◆ **TASK OBJECTIVE**: Your task is to output the listing exactly, leaving every image out.

◆ **EXCERPTED RECORDS**:
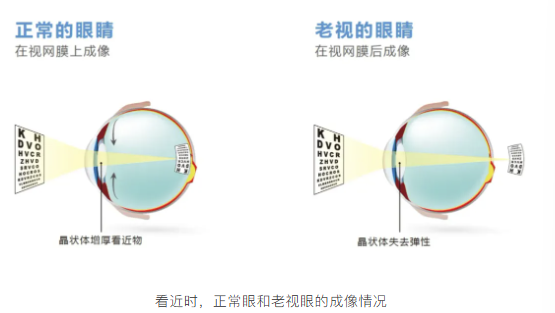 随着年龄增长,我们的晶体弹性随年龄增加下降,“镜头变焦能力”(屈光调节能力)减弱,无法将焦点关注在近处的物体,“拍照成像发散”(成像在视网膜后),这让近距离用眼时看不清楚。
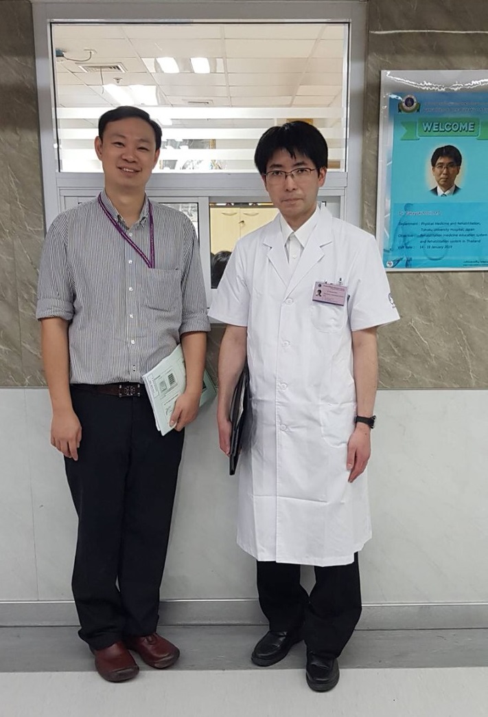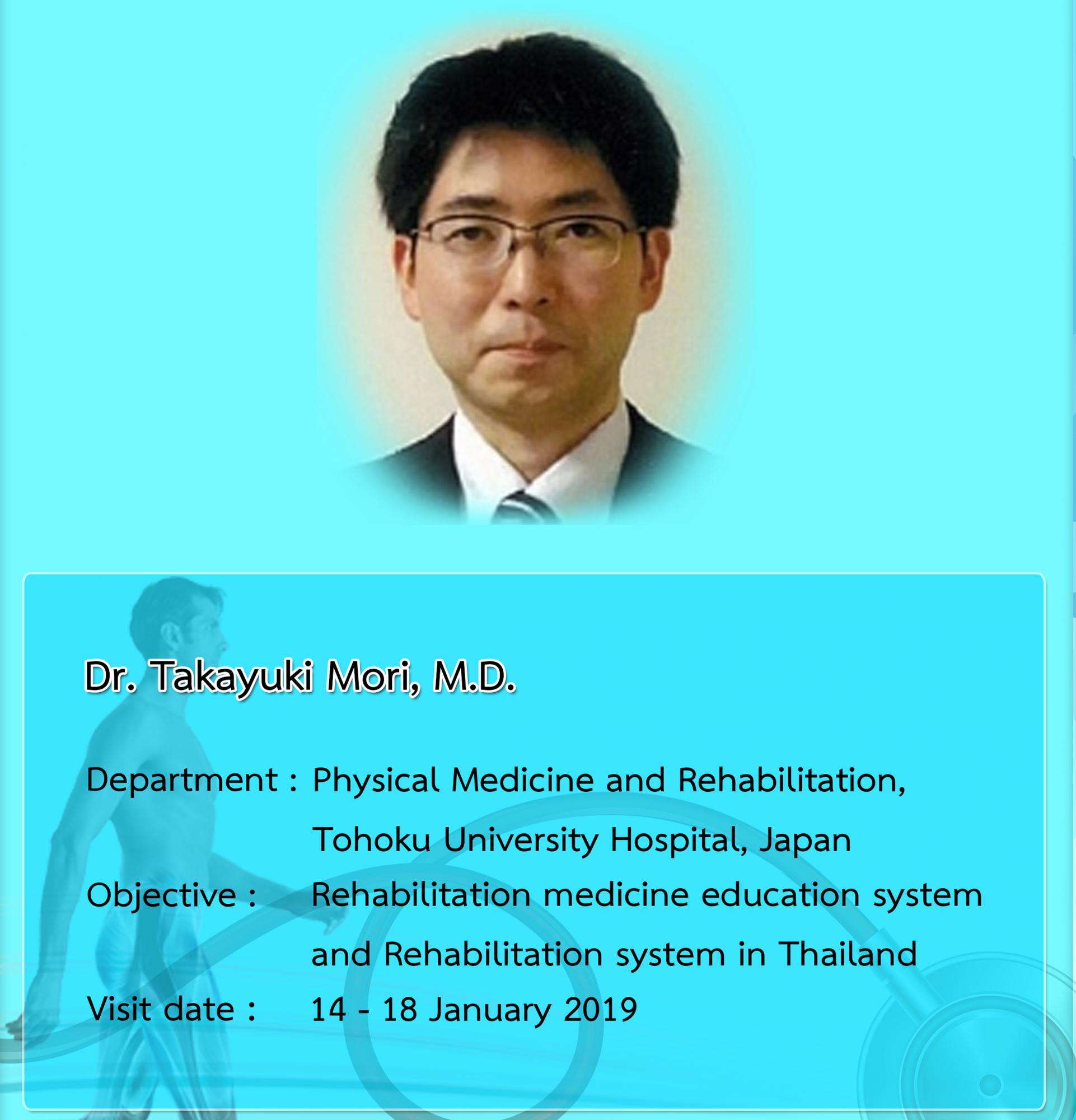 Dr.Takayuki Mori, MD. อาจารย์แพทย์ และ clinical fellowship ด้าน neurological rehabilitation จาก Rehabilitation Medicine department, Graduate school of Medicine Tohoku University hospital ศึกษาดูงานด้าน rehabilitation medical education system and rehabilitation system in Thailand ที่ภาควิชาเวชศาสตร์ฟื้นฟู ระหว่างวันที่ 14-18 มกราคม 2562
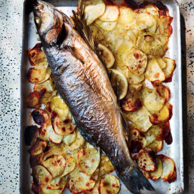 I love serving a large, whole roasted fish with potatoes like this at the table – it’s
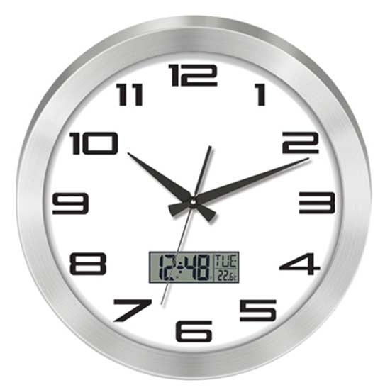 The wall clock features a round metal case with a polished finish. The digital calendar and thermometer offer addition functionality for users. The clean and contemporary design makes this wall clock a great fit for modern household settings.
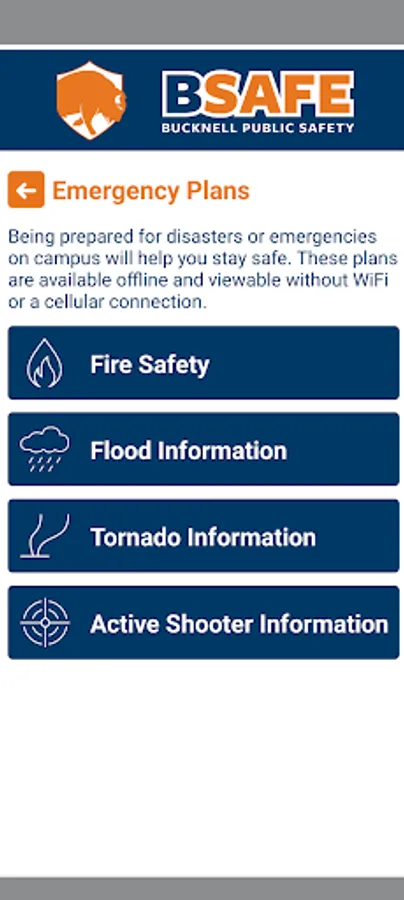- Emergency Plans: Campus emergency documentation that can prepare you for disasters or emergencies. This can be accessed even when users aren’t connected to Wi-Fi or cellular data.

◆ **ANSWER TO THE EXERCISE**:
 随着年龄增长,我们的晶体弹性随年龄增加下降,“镜头变焦能力”(屈光调节能力)减弱,无法将焦点关注在近处的物体,“拍照成像发散”(成像在视网膜后),这让近距离用眼时看不清楚。
 Dr.Takayuki Mori, MD. อาจารย์แพทย์ และ clinical fellowship ด้าน neurological rehabilitation จาก Rehabilitation Medicine department, Graduate school of Medicine Tohoku University hospital ศึกษาดูงานด้าน rehabilitation medical education system and rehabilitation system in Thailand ที่ภาควิชาเวชศาสตร์ฟื้นฟู ระหว่างวันที่ 14-18 มกราคม 2562
 I love serving a large, whole roasted fish with potatoes like this at the table – it’s
 The wall clock features a round metal case with a polished finish. The digital calendar and thermometer offer addition functionality for users. The clean and contemporary design makes this wall clock a great fit for modern household settings.
- Emergency Plans: Campus emergency documentation that can prepare you for disasters or emergencies. This can be accessed even when users aren’t connected to Wi-Fi or cellular data.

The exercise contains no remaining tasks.